6. COMPENSATION AFTER EMPLOYMENT Except in the event
termination of employment by the Executive has been a termination by HI for
Cause (as defined below in this Section 6), voluntary termination by Employee,
or termination due to death or Permanent Disability of Employee (as defined
below in this Section 6), HI in consideration for the Executive's agreeing to be
bound by the terms and conditions of this Agreement, agrees that:
a) that beginning in the month following the date of Executive's
termination, to provide the Executive, his designee or estate
twelve (12) monthly payment's in an amount equal to
one-twelfth (1/12) of the sum of (i)Executive's base annual
salary at the rate in effect immediately before the effective
date of his termination and (ii) one times the average annual
value of the Executive's annual incentive bonus (average based
on bonuses earned during the immediately preceding three
years), minus that part, if any, which was paid before the
actual date of termination;
b) pay the Executive's accrued and unused vacation time;
c) pay all the Executive's expenses which were either incurred in
good faith through the effective date of termination or were
approved for payment before the effective date of termination;
d) provide until the end of the twenty-fourth (24th) calendar
month following the date of termination of the Executive's
employment or if earlier, until, the date the Executive
secures comparable coverage through plans of another employer,
continuing welfare benefit plan coverage, including but not
limited to, health plan coverage and other group insurance
coverage comparable to that in effect on the date of
termination, provided that, if such coverage is not available
under the plans of HI, HI shall reimburse the Executive for
his reasonable cost in securing comparable individual
coverage; and
e) pay all amounts to be paid to Executive in accordance with the
terms and conditions of any other contract or agreement.

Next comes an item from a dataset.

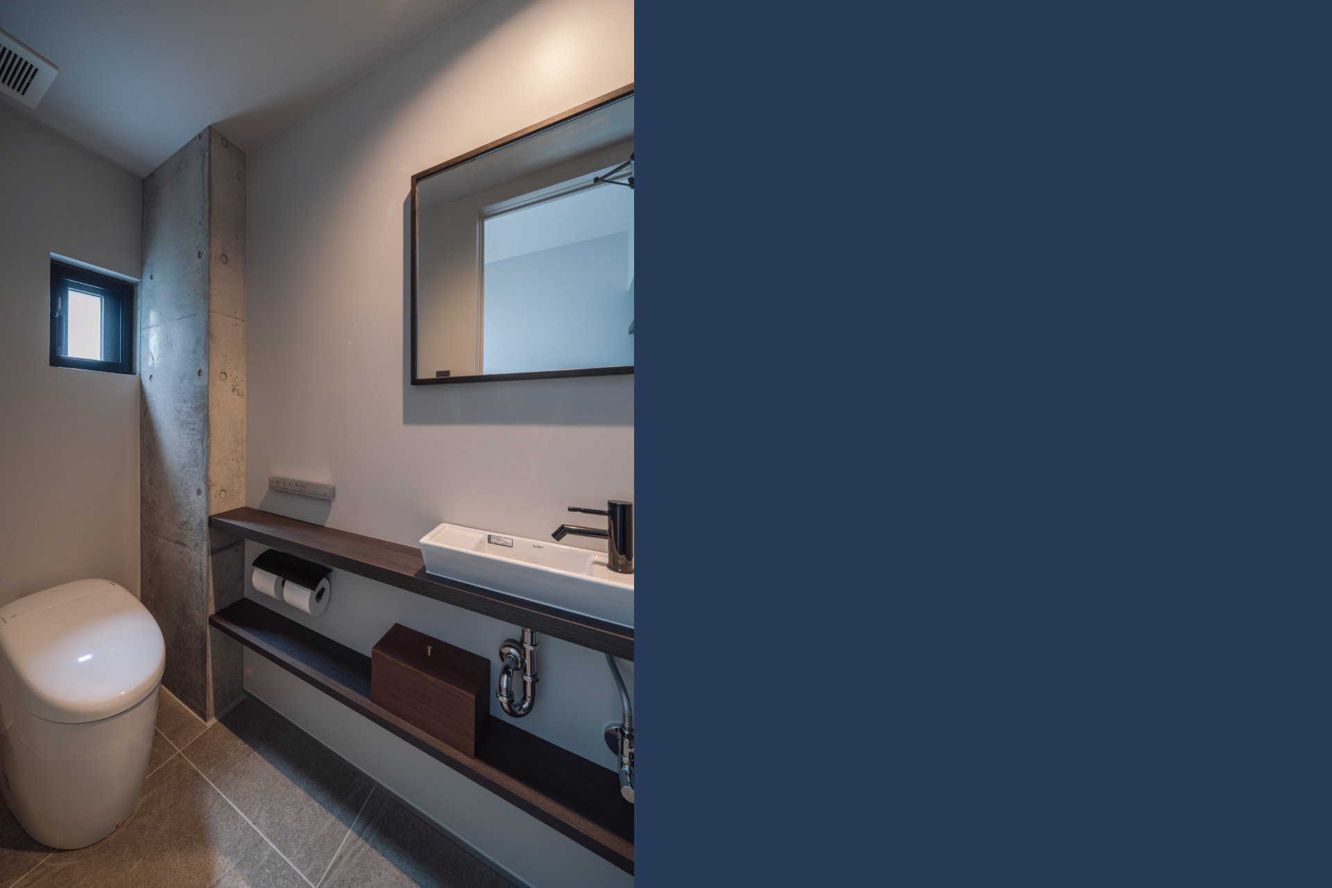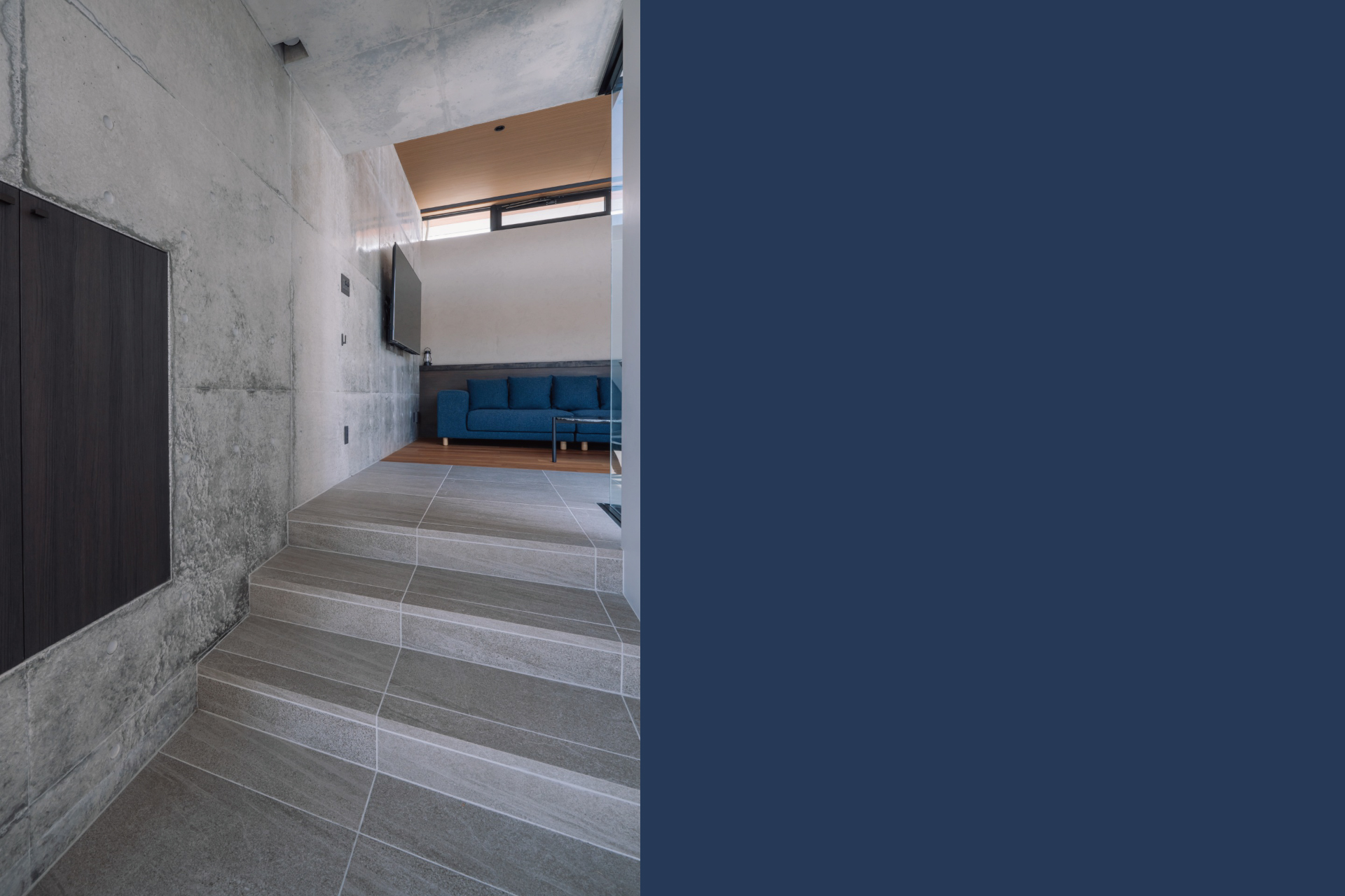 コンクリートと木の素材が織りなす陰影が、時間とともに変化していく。

For purposes of this Section 6, "Cause" shall mean (i) refusal or
failure to perform, or misconduct in the performance of, the ordinary and
customary duties of Executive as required by HI from time to time provided that
such duties are of the general nature and type performed by the Executive in the
six months preceding the date of this Agreement and further provided that such
refusal, failure, or misconduct has continued after HI has given Executive
fifteen days written notice of same, (ii) overt and willful disobedience of
orders or directives issued by the Board of Directors of HI that are within the
customary scope of Executive's duties to HI, (iii)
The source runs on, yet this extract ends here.